* **What to work on**: Using the records below, write out only the lines from the line containing "BlueJose Brown Elk" up to and including the line containing "本专家共识针对正常免疫状态定", exactly, with no pictures.

━━━ Records ━━━

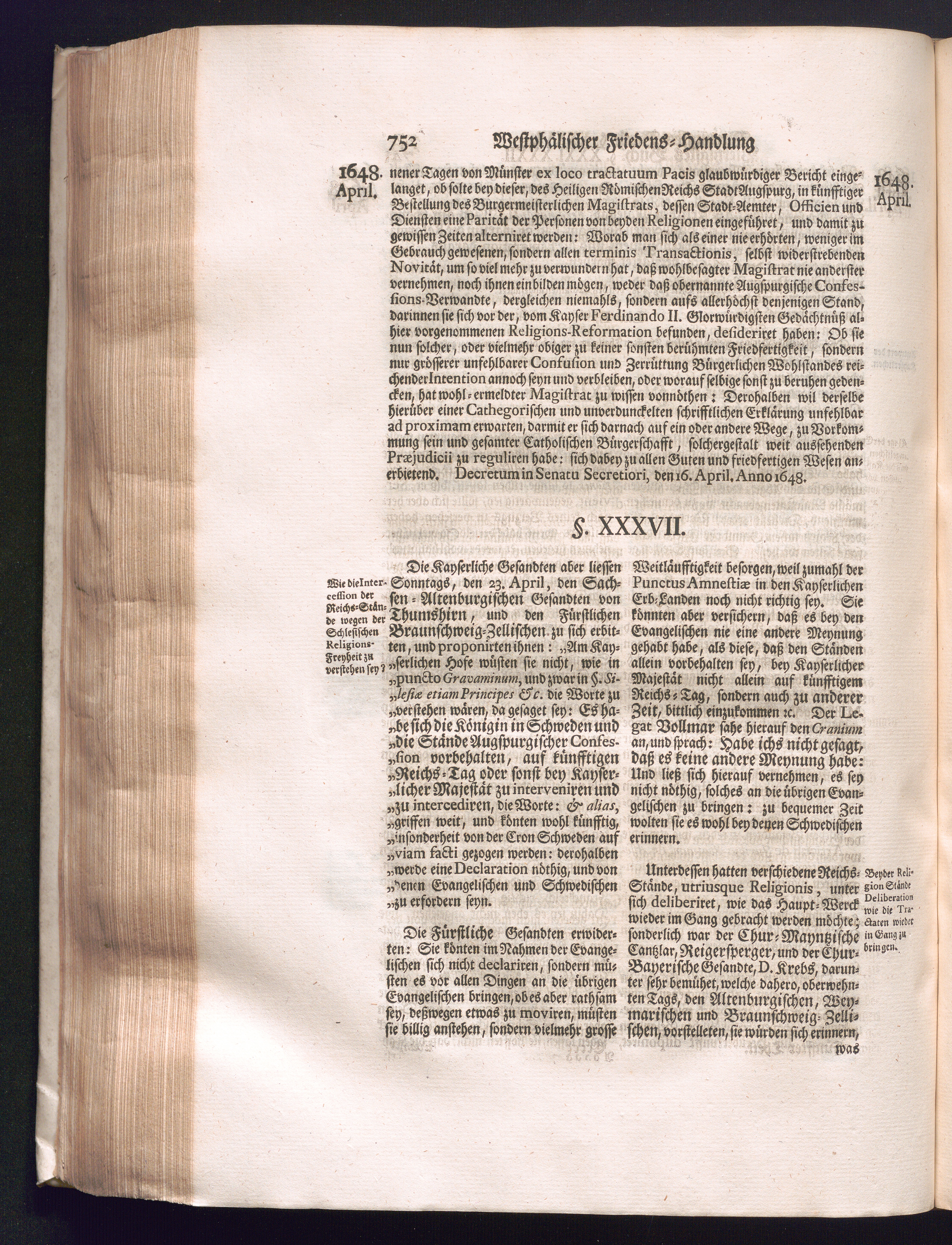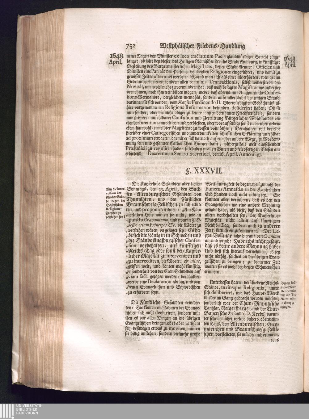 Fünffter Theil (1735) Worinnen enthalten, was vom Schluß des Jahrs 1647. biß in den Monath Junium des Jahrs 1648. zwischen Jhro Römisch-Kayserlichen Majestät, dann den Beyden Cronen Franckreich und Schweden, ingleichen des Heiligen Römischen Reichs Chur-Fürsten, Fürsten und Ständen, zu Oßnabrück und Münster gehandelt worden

━━━
━━━ Records ━━━

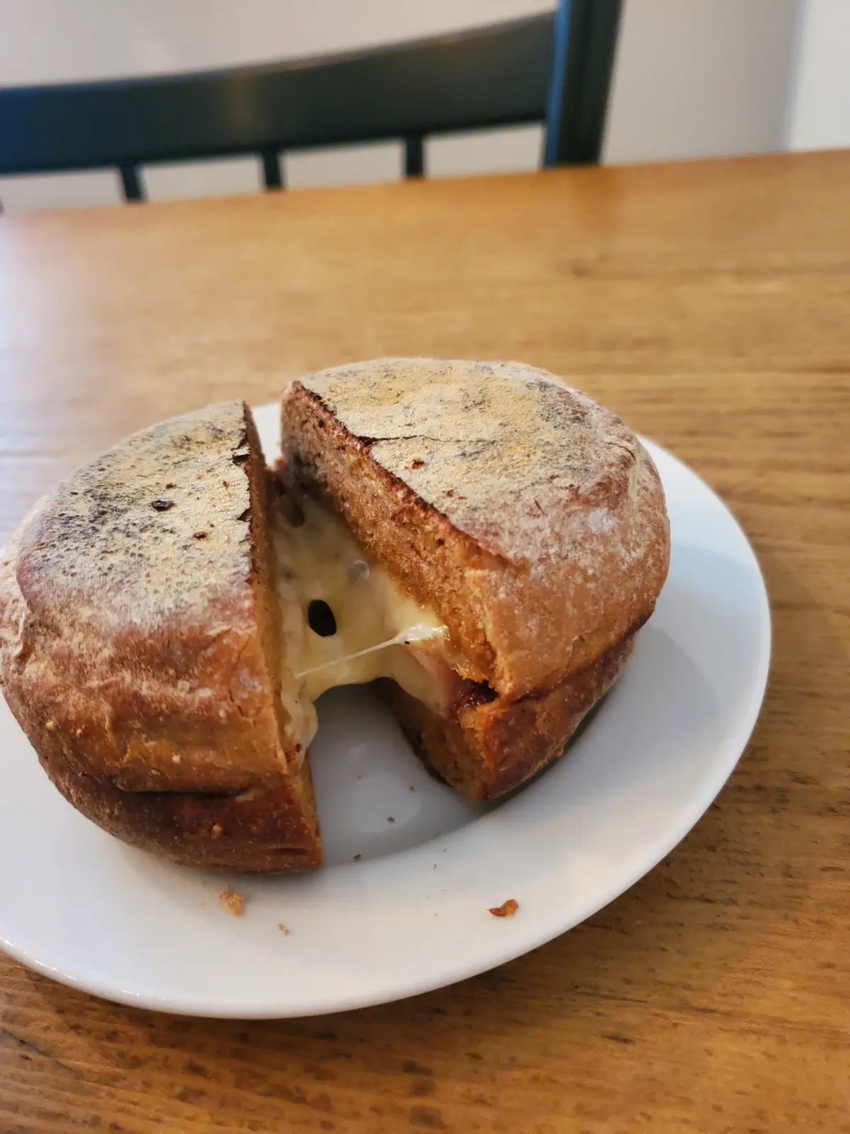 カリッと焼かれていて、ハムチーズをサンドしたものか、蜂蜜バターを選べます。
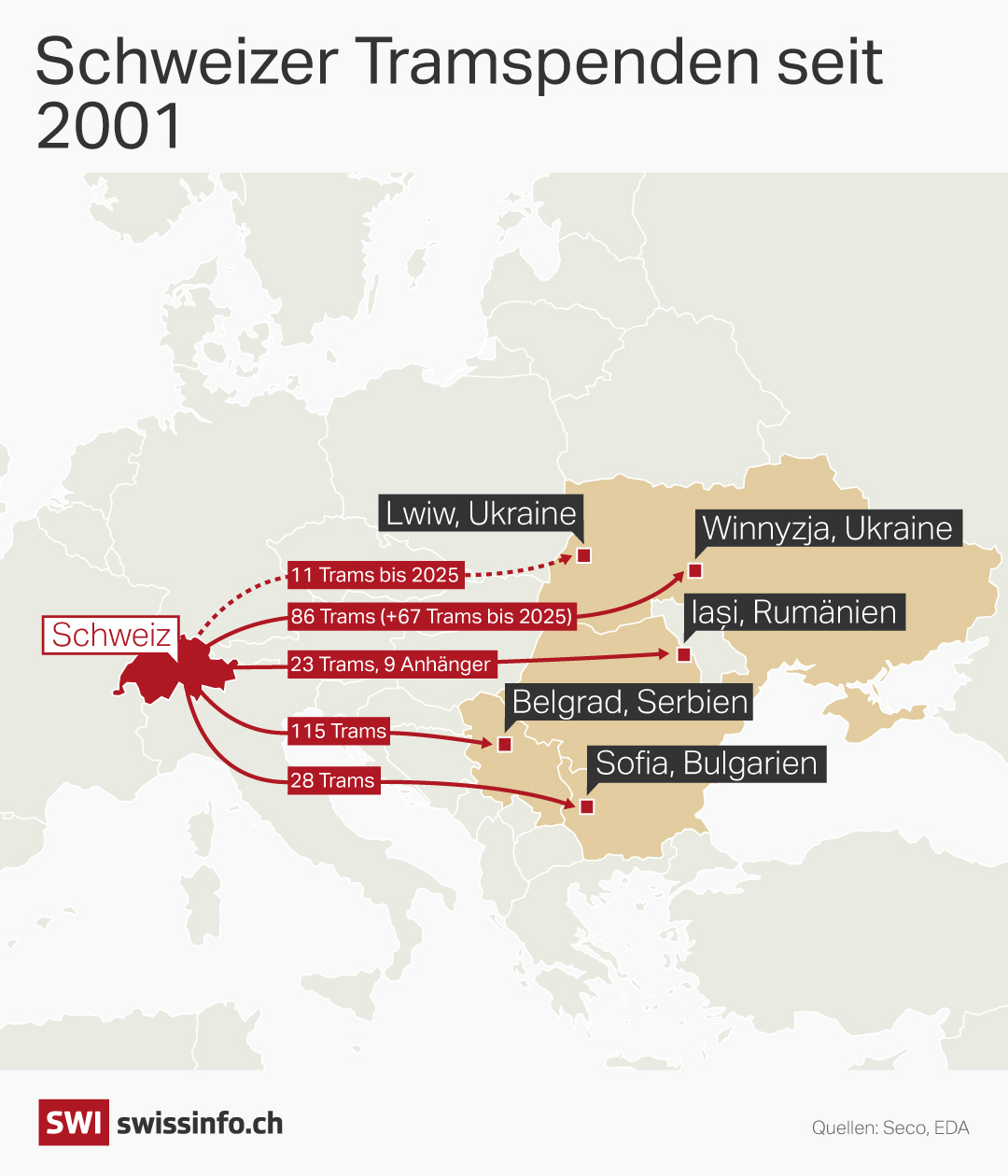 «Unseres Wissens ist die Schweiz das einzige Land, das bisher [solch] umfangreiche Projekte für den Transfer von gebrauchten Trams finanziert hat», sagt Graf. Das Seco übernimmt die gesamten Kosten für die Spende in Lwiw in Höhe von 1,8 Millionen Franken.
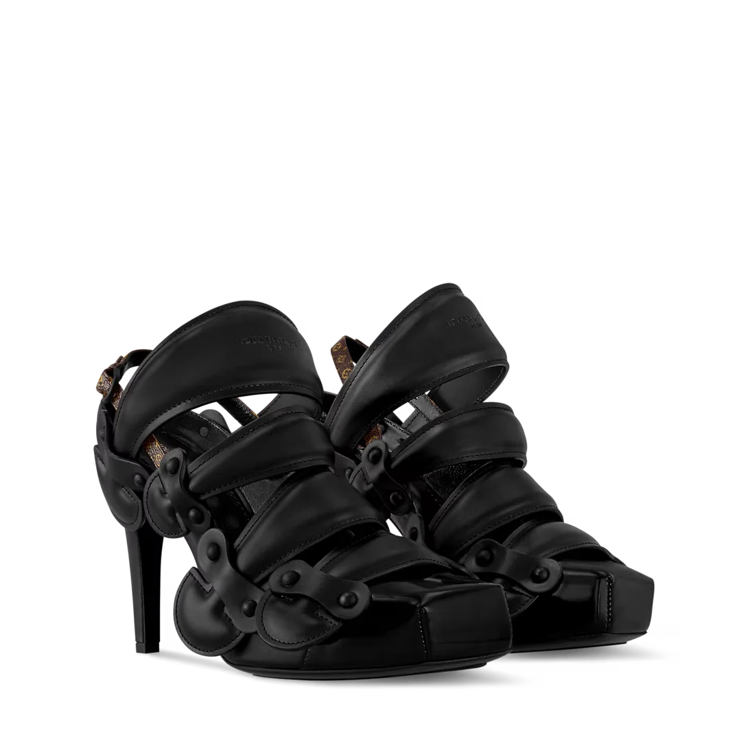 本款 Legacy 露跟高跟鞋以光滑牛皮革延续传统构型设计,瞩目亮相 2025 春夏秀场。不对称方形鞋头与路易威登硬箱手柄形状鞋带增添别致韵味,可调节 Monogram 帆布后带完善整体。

━━━
━━━ Records ━━━

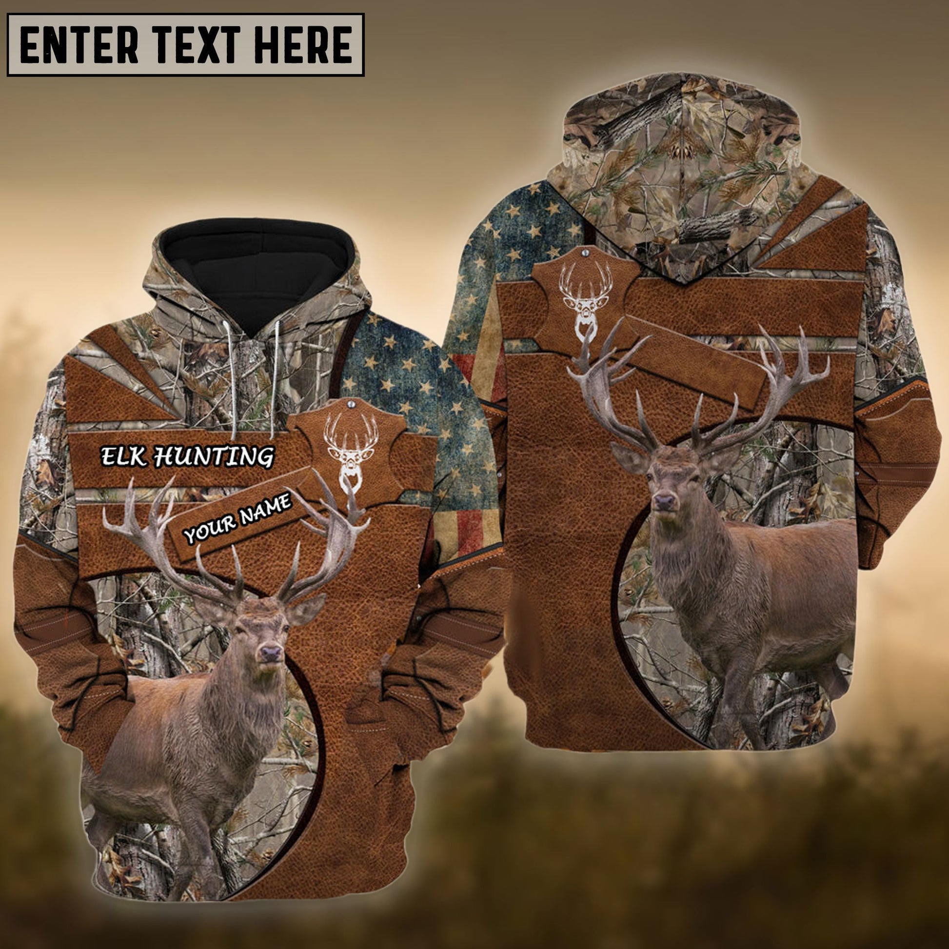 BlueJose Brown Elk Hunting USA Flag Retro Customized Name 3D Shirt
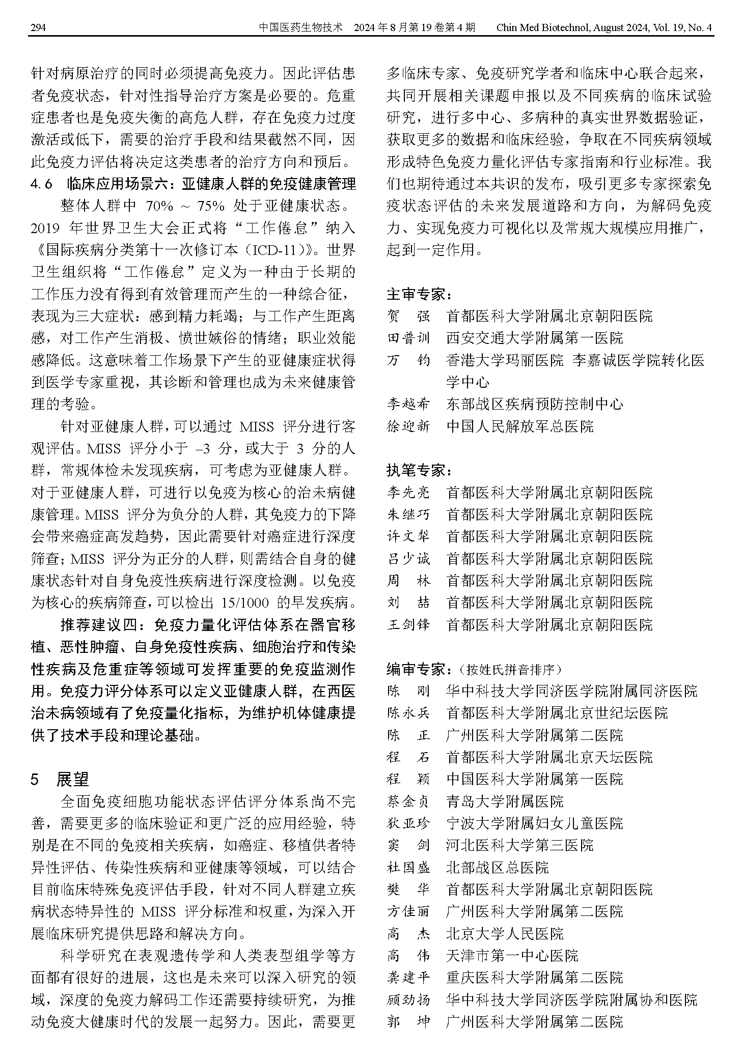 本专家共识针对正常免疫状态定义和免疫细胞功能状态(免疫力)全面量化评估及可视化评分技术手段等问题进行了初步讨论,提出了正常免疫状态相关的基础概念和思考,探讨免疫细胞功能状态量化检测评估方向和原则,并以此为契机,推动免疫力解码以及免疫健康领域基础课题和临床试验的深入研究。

━━━

* **Result below**:
 BlueJose Brown Elk Hunting USA Flag Retro Customized Name 3D Shirt
 本专家共识针对正常免疫状态定义和免疫细胞功能状态(免疫力)全面量化评估及可视化评分技术手段等问题进行了初步讨论,提出了正常免疫状态相关的基础概念和思考,探讨免疫细胞功能状态量化检测评估方向和原则,并以此为契机,推动免疫力解码以及免疫健康领域基础课题和临床试验的深入研究。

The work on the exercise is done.